== Problem details ==
Which lines run from the line with "Electric cup sealer" through the line with "HERZLICHEN GLÜCKWUNSCH! Herzlichen" in the entries below? Print them exactly, both ends included, and nothing more.

== Data supplied ==
▶

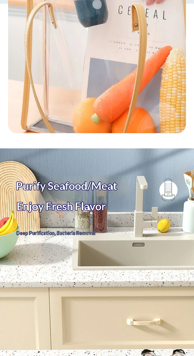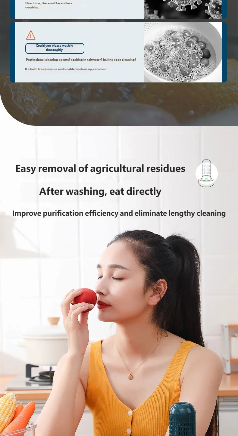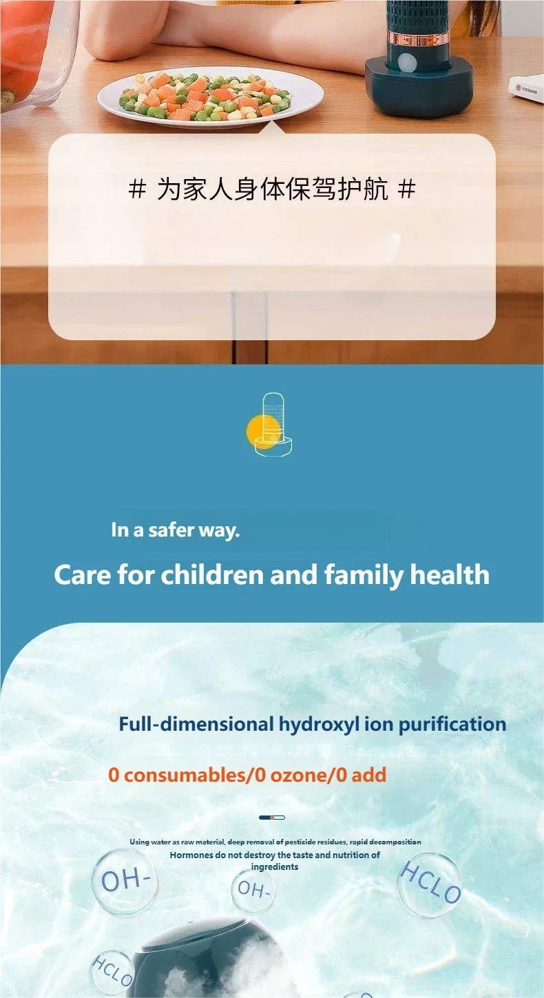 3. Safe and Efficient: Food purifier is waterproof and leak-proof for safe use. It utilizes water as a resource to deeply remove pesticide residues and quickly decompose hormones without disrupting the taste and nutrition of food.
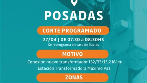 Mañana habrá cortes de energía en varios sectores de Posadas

◀
▶

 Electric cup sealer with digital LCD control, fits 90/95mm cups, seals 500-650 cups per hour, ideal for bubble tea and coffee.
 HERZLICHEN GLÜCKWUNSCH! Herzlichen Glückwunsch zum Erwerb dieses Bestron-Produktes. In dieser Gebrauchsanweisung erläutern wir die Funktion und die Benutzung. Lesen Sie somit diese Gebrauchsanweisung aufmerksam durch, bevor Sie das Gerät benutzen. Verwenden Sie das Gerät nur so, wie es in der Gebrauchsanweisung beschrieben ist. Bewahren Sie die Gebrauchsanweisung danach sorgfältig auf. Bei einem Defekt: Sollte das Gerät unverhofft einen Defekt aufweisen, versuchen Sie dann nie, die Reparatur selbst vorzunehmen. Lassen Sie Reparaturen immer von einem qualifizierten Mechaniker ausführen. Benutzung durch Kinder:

◀
▶

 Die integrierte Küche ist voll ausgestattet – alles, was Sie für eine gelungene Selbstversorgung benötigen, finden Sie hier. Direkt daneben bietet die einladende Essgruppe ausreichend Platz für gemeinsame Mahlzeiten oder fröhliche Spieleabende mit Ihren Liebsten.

◀

== Task answer ==
 Electric cup sealer with digital LCD control, fits 90/95mm cups, seals 500-650 cups per hour, ideal for bubble tea and coffee.
 HERZLICHEN GLÜCKWUNSCH! Herzlichen Glückwunsch zum Erwerb dieses Bestron-Produktes. In dieser Gebrauchsanweisung erläutern wir die Funktion und die Benutzung. Lesen Sie somit diese Gebrauchsanweisung aufmerksam durch, bevor Sie das Gerät benutzen. Verwenden Sie das Gerät nur so, wie es in der Gebrauchsanweisung beschrieben ist. Bewahren Sie die Gebrauchsanweisung danach sorgfältig auf. Bei einem Defekt: Sollte das Gerät unverhofft einen Defekt aufweisen, versuchen Sie dann nie, die Reparatur selbst vorzunehmen. Lassen Sie Reparaturen immer von einem qualifizierten Mechaniker ausführen. Benutzung durch Kinder:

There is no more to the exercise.